Competing with the extreme right, the neo-liberal centre parties are increasingly ready to implement the programme of the extreme right even before it can come to power. It is increasingly common to hear from the mouths of people we thought were close to us racist remarks that would have seemed unbelievable a few years ago. (The war in Gaza, during which an Israeli minister calmly declared that the Palestinians should be treated like animals, has obviously been a crossing of a threshold on the path of racist dehumanization.)
In this general context, a part of the ruling class, today embodied by certain major capitalists are making the choice of a new type of government, authoritarian, limiting democracy and freedoms. Far-right billionaires who control transnational groups sometimes more powerful than states, are at the same time at the head of powerful modern media, and they can control the social networks they helped establish. Hence the influence of violent far-right ideas in information but also in mass culture, entertainment, and everything that contributes to shaping the mentality of individuals and peoples. Their investment in the field of culture is obviously not a coincidence. For them, it is not only a profitable market but also a means of imposing social consensus. It is noteworthy in this regard that the far right in France does not hesitate to claim Gramsci and adopt his notion of cultural hegemony.
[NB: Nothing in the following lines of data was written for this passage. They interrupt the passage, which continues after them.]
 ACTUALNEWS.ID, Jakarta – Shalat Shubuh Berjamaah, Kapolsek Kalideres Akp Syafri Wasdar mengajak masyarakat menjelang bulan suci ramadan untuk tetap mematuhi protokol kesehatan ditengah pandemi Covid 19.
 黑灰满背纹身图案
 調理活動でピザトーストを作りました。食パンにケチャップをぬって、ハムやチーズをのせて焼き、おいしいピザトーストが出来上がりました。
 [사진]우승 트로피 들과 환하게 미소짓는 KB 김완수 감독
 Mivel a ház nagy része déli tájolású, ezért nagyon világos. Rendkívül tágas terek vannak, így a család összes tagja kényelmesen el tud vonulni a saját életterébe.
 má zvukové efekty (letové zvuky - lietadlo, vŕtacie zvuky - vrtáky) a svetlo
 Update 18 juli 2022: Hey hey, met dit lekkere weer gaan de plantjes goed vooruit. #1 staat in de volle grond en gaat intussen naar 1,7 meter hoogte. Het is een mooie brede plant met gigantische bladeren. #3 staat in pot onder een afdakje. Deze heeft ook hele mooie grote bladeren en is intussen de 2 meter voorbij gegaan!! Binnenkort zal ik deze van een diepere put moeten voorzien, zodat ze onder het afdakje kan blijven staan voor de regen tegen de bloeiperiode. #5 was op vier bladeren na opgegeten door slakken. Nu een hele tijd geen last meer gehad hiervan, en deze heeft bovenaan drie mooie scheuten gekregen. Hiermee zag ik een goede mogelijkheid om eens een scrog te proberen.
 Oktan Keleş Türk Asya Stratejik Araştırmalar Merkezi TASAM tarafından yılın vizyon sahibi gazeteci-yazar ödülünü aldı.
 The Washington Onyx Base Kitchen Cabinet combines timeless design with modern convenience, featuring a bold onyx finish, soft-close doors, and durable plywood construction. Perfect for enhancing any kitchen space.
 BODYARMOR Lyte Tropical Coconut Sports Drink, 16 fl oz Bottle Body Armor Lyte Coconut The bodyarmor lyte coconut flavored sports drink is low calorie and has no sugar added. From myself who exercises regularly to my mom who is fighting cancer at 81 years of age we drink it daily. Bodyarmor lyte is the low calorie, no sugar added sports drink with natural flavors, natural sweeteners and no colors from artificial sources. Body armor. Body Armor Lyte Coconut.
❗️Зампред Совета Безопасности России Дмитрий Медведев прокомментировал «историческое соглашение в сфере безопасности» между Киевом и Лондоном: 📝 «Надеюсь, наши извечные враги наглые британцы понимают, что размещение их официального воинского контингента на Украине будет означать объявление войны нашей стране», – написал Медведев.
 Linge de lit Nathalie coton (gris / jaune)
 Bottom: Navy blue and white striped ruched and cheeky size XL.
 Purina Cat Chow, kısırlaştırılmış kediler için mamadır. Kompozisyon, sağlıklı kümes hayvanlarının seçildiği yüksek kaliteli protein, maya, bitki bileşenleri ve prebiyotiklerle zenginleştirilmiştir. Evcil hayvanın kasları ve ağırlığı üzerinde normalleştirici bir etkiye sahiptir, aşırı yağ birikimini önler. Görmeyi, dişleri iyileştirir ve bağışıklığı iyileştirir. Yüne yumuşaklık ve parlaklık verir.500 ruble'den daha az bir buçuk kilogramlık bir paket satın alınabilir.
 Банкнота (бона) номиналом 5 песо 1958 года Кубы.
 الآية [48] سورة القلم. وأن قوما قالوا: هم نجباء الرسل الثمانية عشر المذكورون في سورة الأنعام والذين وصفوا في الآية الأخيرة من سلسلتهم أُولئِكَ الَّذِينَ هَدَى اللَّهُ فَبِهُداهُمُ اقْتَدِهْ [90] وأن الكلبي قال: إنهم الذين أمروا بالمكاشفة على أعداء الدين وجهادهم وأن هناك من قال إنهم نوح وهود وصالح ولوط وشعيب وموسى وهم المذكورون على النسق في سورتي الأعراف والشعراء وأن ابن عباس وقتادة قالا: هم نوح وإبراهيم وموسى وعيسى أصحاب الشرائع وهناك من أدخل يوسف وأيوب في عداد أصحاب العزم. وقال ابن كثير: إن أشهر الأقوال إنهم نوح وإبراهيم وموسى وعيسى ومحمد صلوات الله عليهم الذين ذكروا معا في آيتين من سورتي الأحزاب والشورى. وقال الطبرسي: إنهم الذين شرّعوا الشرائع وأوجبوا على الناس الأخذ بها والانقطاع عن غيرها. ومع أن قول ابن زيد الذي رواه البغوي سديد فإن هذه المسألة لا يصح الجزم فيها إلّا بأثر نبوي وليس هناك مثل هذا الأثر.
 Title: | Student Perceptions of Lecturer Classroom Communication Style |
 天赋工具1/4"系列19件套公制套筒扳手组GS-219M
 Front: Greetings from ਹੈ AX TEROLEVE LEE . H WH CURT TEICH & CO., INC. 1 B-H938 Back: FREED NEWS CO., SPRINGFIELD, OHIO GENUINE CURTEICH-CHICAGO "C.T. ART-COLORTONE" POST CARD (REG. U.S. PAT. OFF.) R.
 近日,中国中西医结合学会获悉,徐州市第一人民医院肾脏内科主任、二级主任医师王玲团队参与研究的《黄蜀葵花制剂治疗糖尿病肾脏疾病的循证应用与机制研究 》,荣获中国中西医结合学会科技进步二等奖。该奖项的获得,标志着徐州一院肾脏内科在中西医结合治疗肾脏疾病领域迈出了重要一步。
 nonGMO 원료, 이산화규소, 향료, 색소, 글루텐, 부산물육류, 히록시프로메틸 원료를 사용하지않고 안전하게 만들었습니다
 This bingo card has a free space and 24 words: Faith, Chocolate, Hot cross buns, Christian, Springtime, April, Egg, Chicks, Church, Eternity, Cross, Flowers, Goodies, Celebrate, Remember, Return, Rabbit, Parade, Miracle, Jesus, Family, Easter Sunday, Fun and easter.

In this situation, what can we do, as poets? Not much, perhaps. But the little we can do, we should do. With the means that are ours — those of reflection, of satire, and of lyricism as well. I believe we must take initiatives to help in the formation and expression of an antifascist cultural and poetic front, a cultural convergence bearing other values, those of openness to others and to the world, the values of empathy, of solidarity. Those of peace against the warlike madness they want to drag us into. Those of dialogue, of speech, even of love. Those of a lucid hope in our collective capacity to prevent humanity from killing itself. In fact, it is a question of defending the life instinct against the death instinct. The times require us to choose, as Edgar Morin has written, Eros against Thanatos.